With a separate data volume, the EBS volume is a standalone CloudFormation resource that the ASG has no knowledge of and cannot delete. When the new instance boots, it attaches and mounts the existing data volume, picking up exactly where the old instance left off. Without that separation, an ASG "self-healing" a failed instance would also destroy the database it was trying to protect.

Architecture Overview

┌─────────────────────────────────────────────────┐
│                    VPC (10.0.0.0/16)            │
│                                                  │
│  ┌────────────────────────────────────────────┐  │
│  │         Public Subnet (10.0.1.0/24)        │  │
│  │                                             │  │
│  │  ┌──────────────────────────────────────┐   │  │
│  │  │     Auto Scaling Group (size: 1)     │   │  │
│  │  │                                      │   │  │
│  │  │  ┌────────────────────────────────┐  │   │  │
│  │  │  │        EC2 Instance            │  │   │  │
│  │  │  │                                │  │   │  │
│  │  │  │  Root EBS (OS + Neo4j binary)  │  │   │  │
│  │  │  │  /dev/xvda — destroyed with    │  │   │  │
│  │  │  │  instance                      │  │   │  │
│  │  │  └────────────────────────────────┘  │   │  │
│  │  └──────────────────────────────────────┘   │  │
│  │                    │                        │  │
│  │                    │ attached at boot       │  │
│  │                    ▼                        │  │
│  │  ┌──────────────────────────────────────┐   │  │
│  │  │   Data EBS Volume (GP3, encrypted)   │   │  │
│  │  │   /data — RETAINED on deletion       │   │  │
│  │  │   Survives instance replacement      │   │  │
│  │  └──────────────────────────────────────┘   │  │
│  │                                             │  │
│  └────────────────────────────────────────────┘  │
│                                                  │
│  ┌──────────────┐    ┌────────────────────────┐  │
│  │  Elastic IP   │    │  Internet Gateway      │  │
│  │  (stable)     │    │                        │  │
│  └──────────────┘    └────────────────────────┘  │
└─────────────────────────────────────────────────┘

Why Separate the Data Volume

Concern Root disk Separate EBS volume
Instance termination Data lost Data preserved
ASG replacement Data lost Volume re-attached to new instance
Disk sizing Competing with OS for space Sized independently for the database
Snapshots Includes OS noise Clean database-only backups
Encryption Mixed concern Dedicated encryption context
Performance tuning Shared IOPS with OS Dedicated IOPS for database I/O

This is not unique to Neo4j. MongoDB, PostgreSQL, MySQL, and Elasticsearch Marketplace offerings all use the same separation. The consistent theme across all of them: never put database data on the OS disk.

Key Design Decisions

ASG of Size 1

AWS Marketplace recommends an Auto Scaling Group even for single-instance products. The ASG monitors EC2 health checks and automatically replaces a failed instance. On replacement, the new instance re-attaches the data volume and re-associates the Elastic IP, restoring service without manual intervention.

Elastic IP

A stable public address that follows the instance across ASG replacements. Clients connect to the same IP regardless of which underlying EC2 instance is running. The EIP is associated by UserData on every boot.

NVMe Device Resolution

Nitro-based instances expose EBS volumes as NVMe devices with non-deterministic names. The UserData script matches the EBS volume serial number against /dev/disk/by-id/ entries to find the correct device, rather than assuming a fixed device path like /dev/nvme1n1.

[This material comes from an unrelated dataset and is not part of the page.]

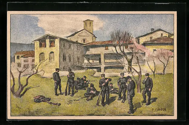 Künstler-AK schweizer Soldaten auf einer Wiese

First-Boot-Only Formatting

The script checks for an existing filesystem with blkid before formatting. On first boot, the volume is blank and gets an ext4 filesystem. On subsequent boots (after ASG replacement), the existing filesystem and data are preserved.

GP3 with Encryption

GP3 provides a baseline of 3000 IOPS and 125 MB/s throughput at lower cost than GP2. Encryption at rest is enabled by default — a baseline requirement for any database volume.

Boot Sequence

  1. Install Neo4j Community Edition from yum.neo4j.com
  2. Wait for data volume to become available (may be detaching from a terminated instance)
  3. Attach data volume to this instance
  4. Resolve the NVMe device path
  5. Format the volume (first boot only)
  6. Mount at /data
  7. Associate the Elastic IP
  8. Install APOC plugin (if enabled)
  9. Configure Neo4j (network, memory, security)
  10. Set admin password (first boot only)
  11. Start Neo4j
  12. Signal CloudFormation success

Reference: How Other Database Products Do It

Product Data volume Resilience Stable endpoint
Neo4j CE (this template) Separate EBS, retained ASG of 1 Elastic IP
MongoDB Community Separate EBS ASG of 1 Elastic IP
PostgreSQL Separate EBS for /var/lib/pgsql ASG of 1 Elastic IP or ENI
MySQL Separate EBS for /var/lib/mysql ASG of 1 Elastic IP or ENI
Elasticsearch Separate EBS for data path ASG of 1 Elastic IP

The implementation details vary, but the architecture is the same: compute is disposable, data is persistent, and the two are on separate volumes.